▶ **WHAT TO PRODUCE**
Print out the data below in full and exactly, skipping the pictures.

▶ **DATA**

++++

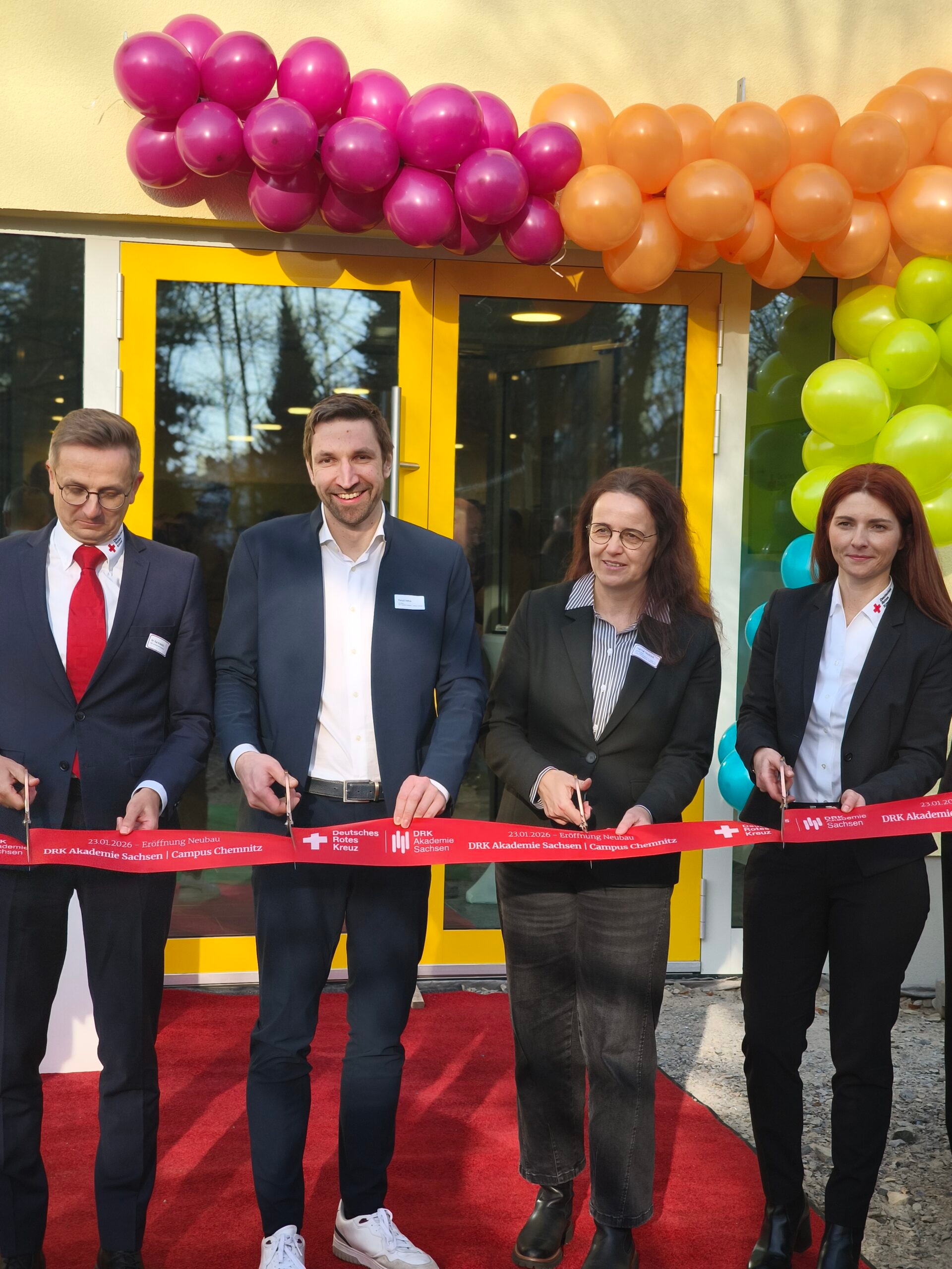 Prominente Gäste, Einblick in moderne Lernräume und Gespräche über regionale Pflegestrukturen: Zur heutigen Eröffnungsfeier anlässlich des neuen Gebäudes der DRK Akademie Sachsen am Campus Chemnitz öffnete sich der Standort für Gäste, Partnerunternehmen, Gewerke und Beschäftigte der DRK Akademie sowie der beiden sächsischen DRK Krankenhäuser Chemnitz-Rabenstein und Lichtenstein. Eingerahmt wurde der Festakt durch einen offiziellen Banddurchschnitt und gemeinsame Rundgänge durch die neuen Räumlichkeiten. Diese boten exklusive Einblicke in zeitgemäße Lern- und Unterrichtsformen sowie in die regionalen Partnerschaften der Pflegeausbildung.
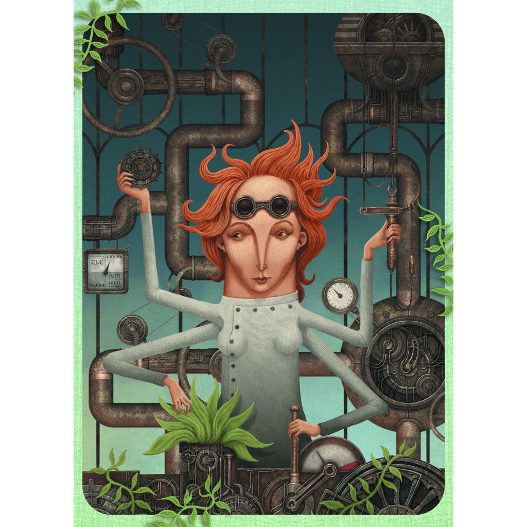 Dans un monde étrange où la vie mêle mécanique et végétation, deux scientifiques s’affrontent pour créer une formule à base de fleurs. Chaque joueur crée un réseau de distillation à l’aide de tuiles disposées dans un registre commun.
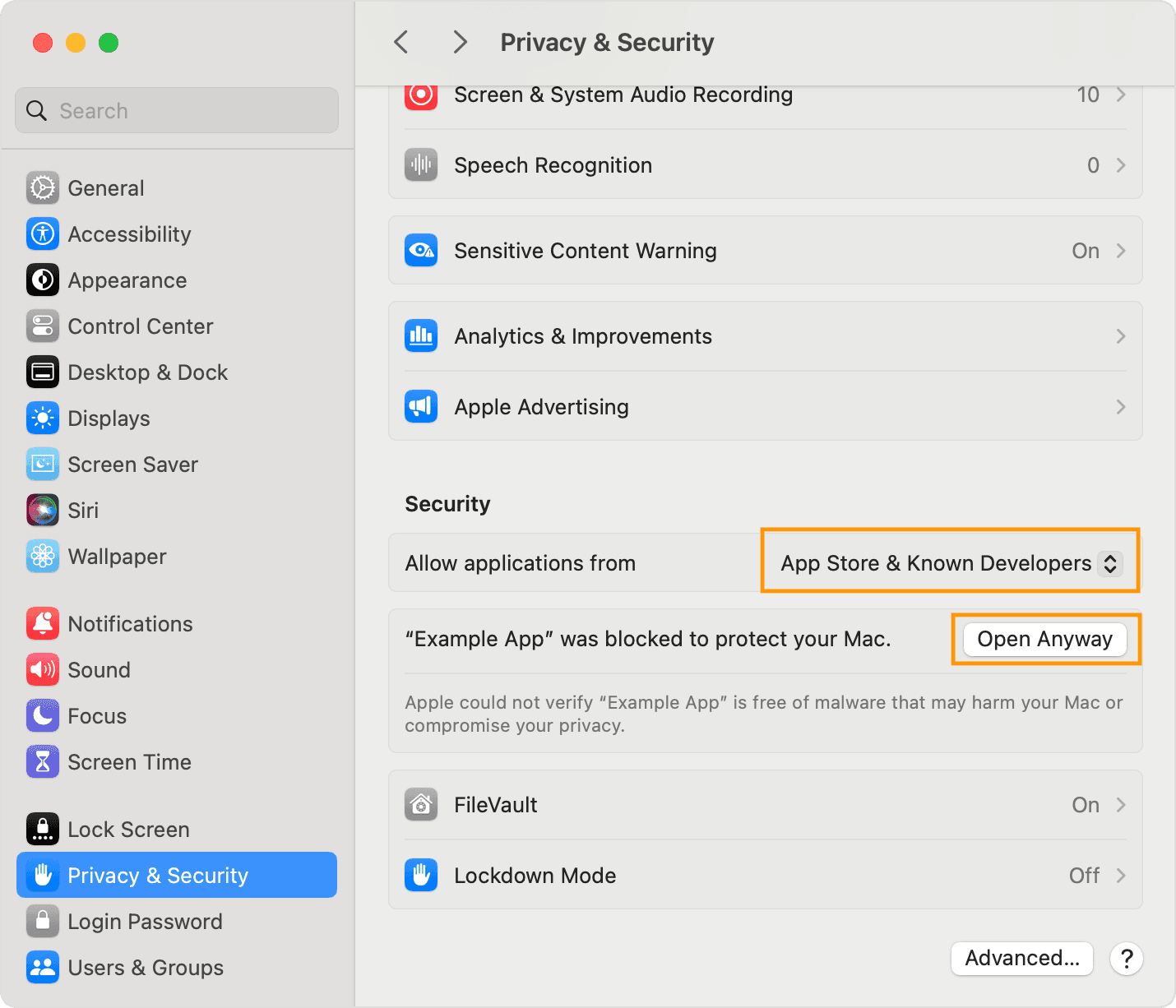 The app is now saved as an exception to your security settings, and you can open it in the future by double-clicking it, just as you can any authorized app.

++++

▶ **SOLUTION TO THIS PROBLEM**
 Prominente Gäste, Einblick in moderne Lernräume und Gespräche über regionale Pflegestrukturen: Zur heutigen Eröffnungsfeier anlässlich des neuen Gebäudes der DRK Akademie Sachsen am Campus Chemnitz öffnete sich der Standort für Gäste, Partnerunternehmen, Gewerke und Beschäftigte der DRK Akademie sowie der beiden sächsischen DRK Krankenhäuser Chemnitz-Rabenstein und Lichtenstein. Eingerahmt wurde der Festakt durch einen offiziellen Banddurchschnitt und gemeinsame Rundgänge durch die neuen Räumlichkeiten. Diese boten exklusive Einblicke in zeitgemäße Lern- und Unterrichtsformen sowie in die regionalen Partnerschaften der Pflegeausbildung.
 Dans un monde étrange où la vie mêle mécanique et végétation, deux scientifiques s’affrontent pour créer une formule à base de fleurs. Chaque joueur crée un réseau de distillation à l’aide de tuiles disposées dans un registre commun.
 The app is now saved as an exception to your security settings, and you can open it in the future by double-clicking it, just as you can any authorized app.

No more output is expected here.